**DATA**:

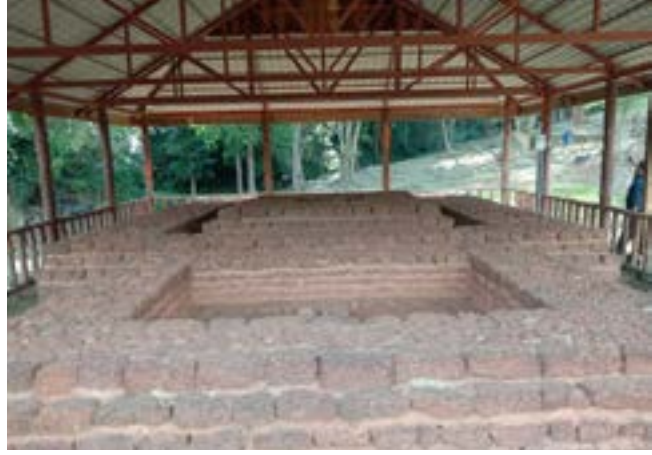
கடாரம் கொண்டான் யாகசாலை

இந்தப் பகுதியின்றான் மதுரமண்டலம் (ஓரிஸ்ஸாவில் உள்ள 'மதுபன்' என்பது), நாமனைக்கோலம், பஞ்சப் பள்ளி ஆகிய இடங்களும் இருந்திருத்தல் வேண்டும். (ஆதிநகரில் இந்திராதனை வென்று கோசல நாட்டையும் காடுகள் செறிந்த ஓட்டரதேசத்தையும் கைக் கொண்டான். திருவாலங்காட்டுச் செப்பேடுகள், இராசேந்திரன் ஓட்டர தேசத்து அரசனைக்கொண்டு, அவன் தம்பியிடம் பன்மணிக்குவியலைத் திறை கொண்டான் என்று குறிக்கின்றன. பிறகு, இவன், தன்மபாலனது தண்டபுத்தி இரணசூரன் ஆண்ட தென்லாடம்,
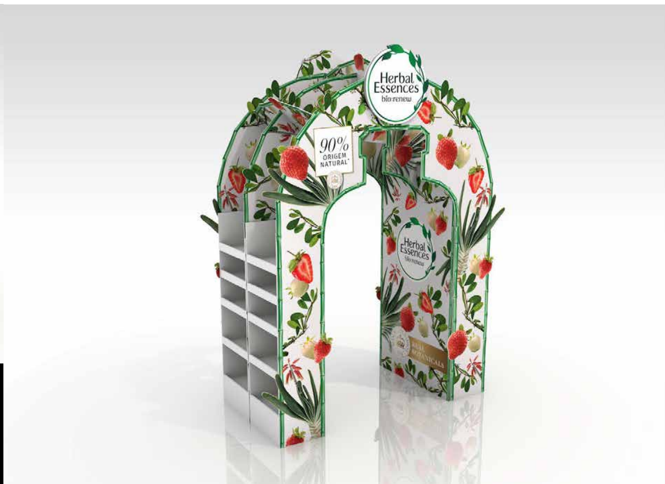
PROJETO Pórtico Expositores Herbal Essences

**WHAT YOU SHOULD DO**: Each line of the listing above should be retyped exactly, with no pictures.

**EXERCISE OUTPUT**:
கடாரம் கொண்டான் யாகசாலை

இந்தப் பகுதியின்றான் மதுரமண்டலம் (ஓரிஸ்ஸாவில் உள்ள 'மதுபன்' என்பது), நாமனைக்கோலம், பஞ்சப் பள்ளி ஆகிய இடங்களும் இருந்திருத்தல் வேண்டும். (ஆதிநகரில் இந்திராதனை வென்று கோசல நாட்டையும் காடுகள் செறிந்த ஓட்டரதேசத்தையும் கைக் கொண்டான். திருவாலங்காட்டுச் செப்பேடுகள், இராசேந்திரன் ஓட்டர தேசத்து அரசனைக்கொண்டு, அவன் தம்பியிடம் பன்மணிக்குவியலைத் திறை கொண்டான் என்று குறிக்கின்றன. பிறகு, இவன், தன்மபாலனது தண்டபுத்தி இரணசூரன் ஆண்ட தென்லாடம்,
PROJETO Pórtico Expositores Herbal Essences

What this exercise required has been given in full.